The Patriotic Traitor review at Park Theatre, London – ‘clunky and unsubtle’
Fans of Yes Prime Minister, look away now. Co-creator Jonathan Lynn’s first original stage play is an uninspiring and often self-indulgent piece of writing that is too busy ramming exposition and subtext down its audience’s throat to offer anything in the way of real drama.
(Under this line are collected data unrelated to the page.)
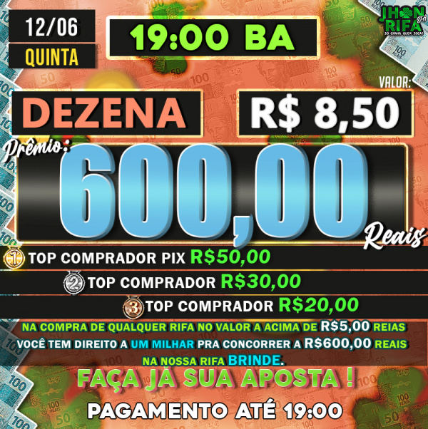 TOP 1ºR$50,00 /TOP 2º R$30,00 /TOP 3ºR$20,00
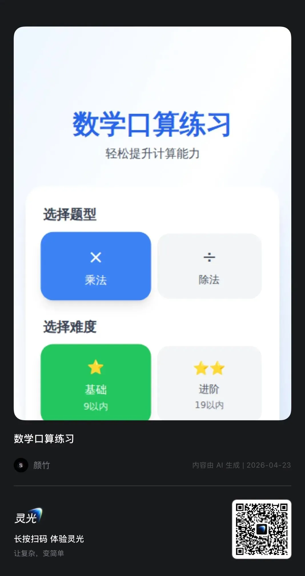 我用5分钟做出来的App,反而帮我很大忙:差点被我遗忘的第6个 这个App之所以被我遗忘,大概是因为它诞生得太丝滑了。5分钟完成,零波折上线,连“创业故事”都没有。 说回孩子的学习, 学习上遇到的问题远远不只有背单词。 比如口算,就是每个二年级小孩都绕不过去的一关。 可是,口算练习册过于枯燥。 市面上的口算App过于花哨,真的需要那么多动画、奖励、按钮和功能吗? 对孩子来说,容易分心。 对家长来说,也容易疲惫。 我需要的,是一个随机出题,能迅速出题的小工具。 我陪他练习的时候可以用;他想自己挑战自己的时候,也可以用。 这一次,我选择了用灵光。 输入几句简单的提示词。5分钟后,这个小工具就做好了。 没有复杂界面, 没有升级系统, 没有花里胡哨的设计。 它甚至很难被叫作一个“App”。 它只是一个口算出题器。 我很快把它分享给几位同学家长。 大家的反馈是: 孩子对它的接受度,比书面练习好很多——愿意练,练得很开心。 很多人认为,好工具一定要复杂,要有完善的功能。 但这次我更确定了一件事: 一个工具好不好用,不在于它有多复杂。 而在于它是不是刚好够用。 有的时候,少即是多。
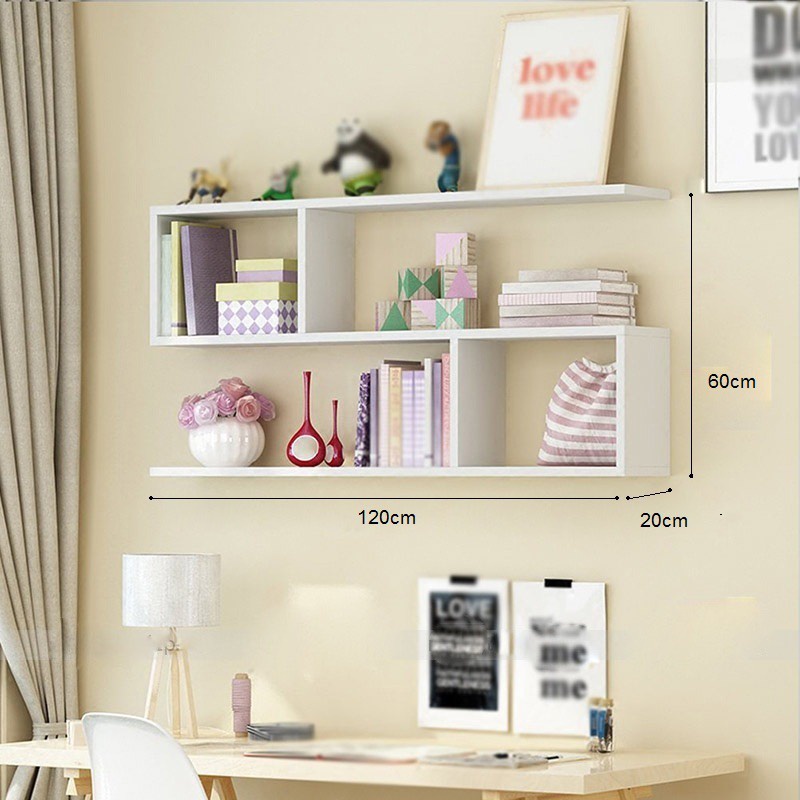 Kệ sách treo tường ziczac 2 tầng Kệ gỗ chữ S chất liệu MDF đa năng Giá Sách Hiện đại
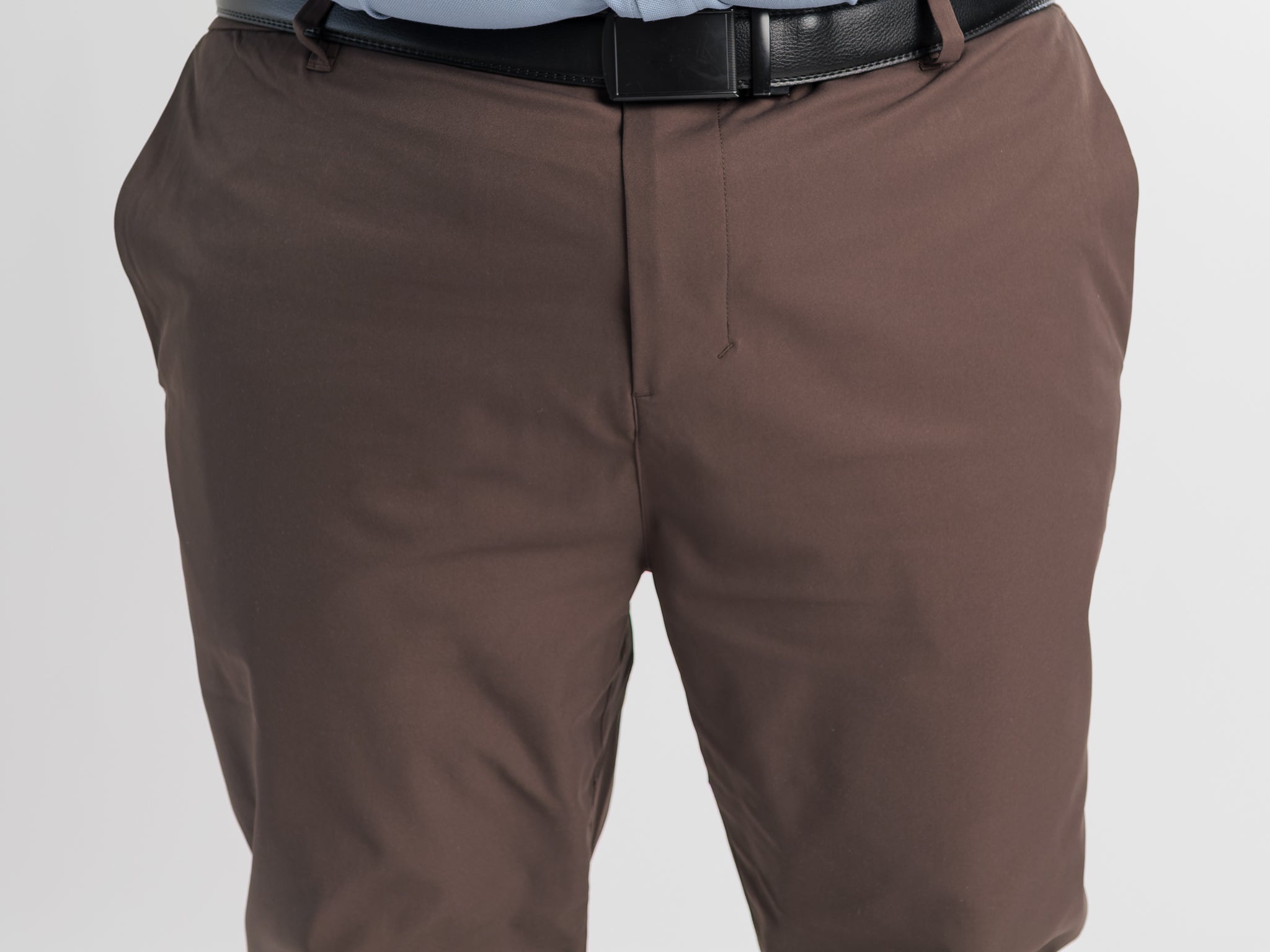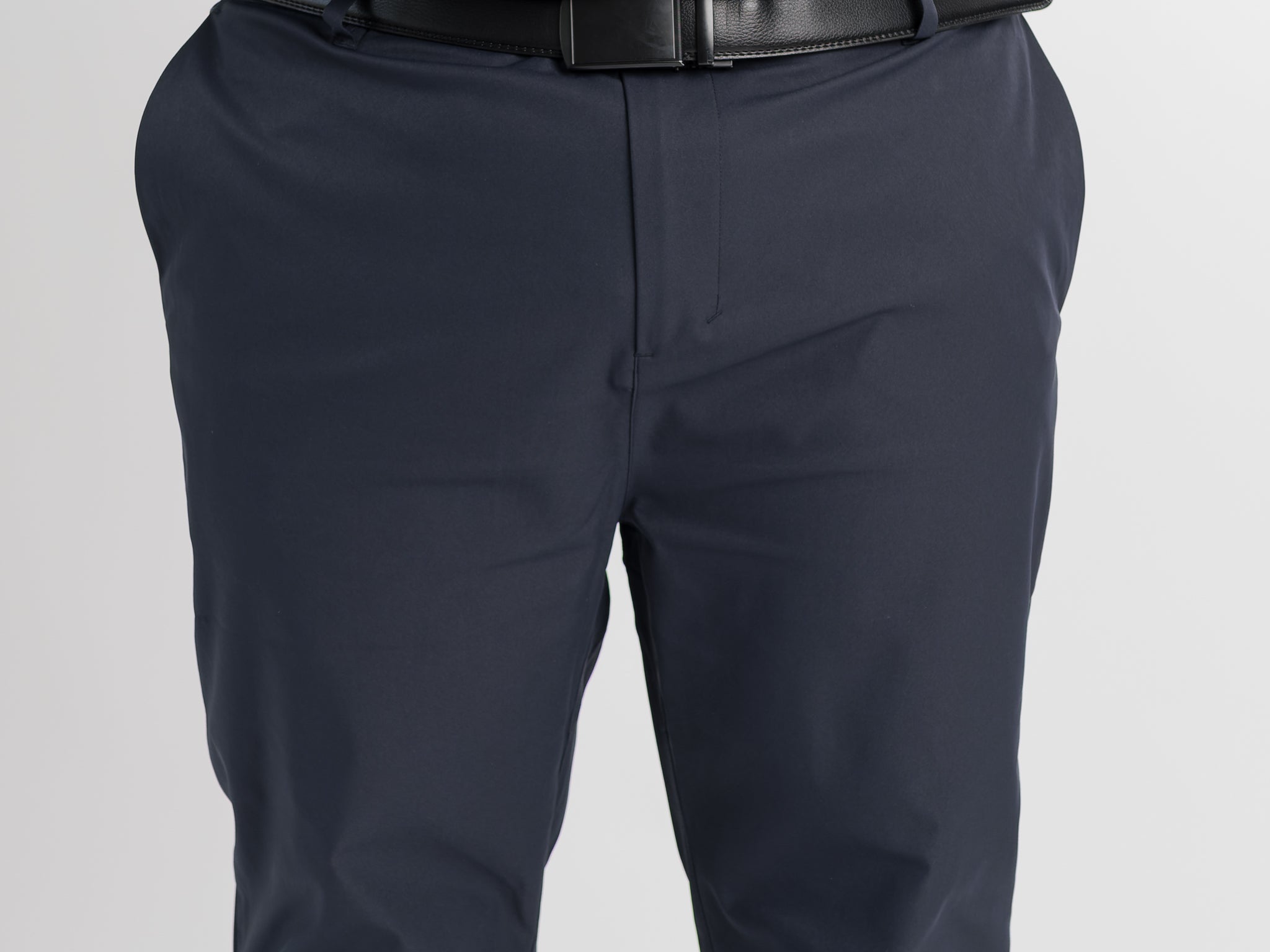 At the microscopic level, Stryde’s strength lies in its stretch yarn technology. Each polyester filament is engineered to provide dynamic elasticity, allowing the fabric to move with the body rather than against it. The weave expands and contracts in response to motion, reducing friction and restriction through the seat, knees, and hips. This results in a pant that maintains a consistent fit and shape, no matter how much you move.

This is doubly disappointing given that source material, clearly impeccably researched, is rich with potential. The Patriotic Traitor tells the story of the relationship between Charles de Gaulle and his mentor Philippe Pétain, a man who went from national hero to being tried for treason after the Second World War. But the whole thing has been turned into a dewy-eyed soap opera in which both characters regularly tell each other, and then the audience, exactly how they’re feeling,
Laurence Fox at least puts in a decent performance as de Gaulle, tracing the younger man’s journey from stuffy intellectual to famed General with fierce intensity, while wringing comedy from de Gaulle’s pomposity. Tom Conti as Pétain, on the other hand, though nicely bluff, overplays the gimlet-eyed old man act – you keep expecting him to offer de Gaulle a Werther’s Original.
He’s not in any way helped by the writing, lumbered with endless reams of narration which only serve to summarise events we have just seen or are about to see. There’s some good material here, particularly the succession of finely-honed, philosophical one-liners that de Gaulle and Pétain deliver as part of their natural conversation, but too often it feels as if Lynn has simply regurgitated a book of famous quotations. As a history lesson, the play just about works, it’s fine. But as a drama, it clunks and creaks.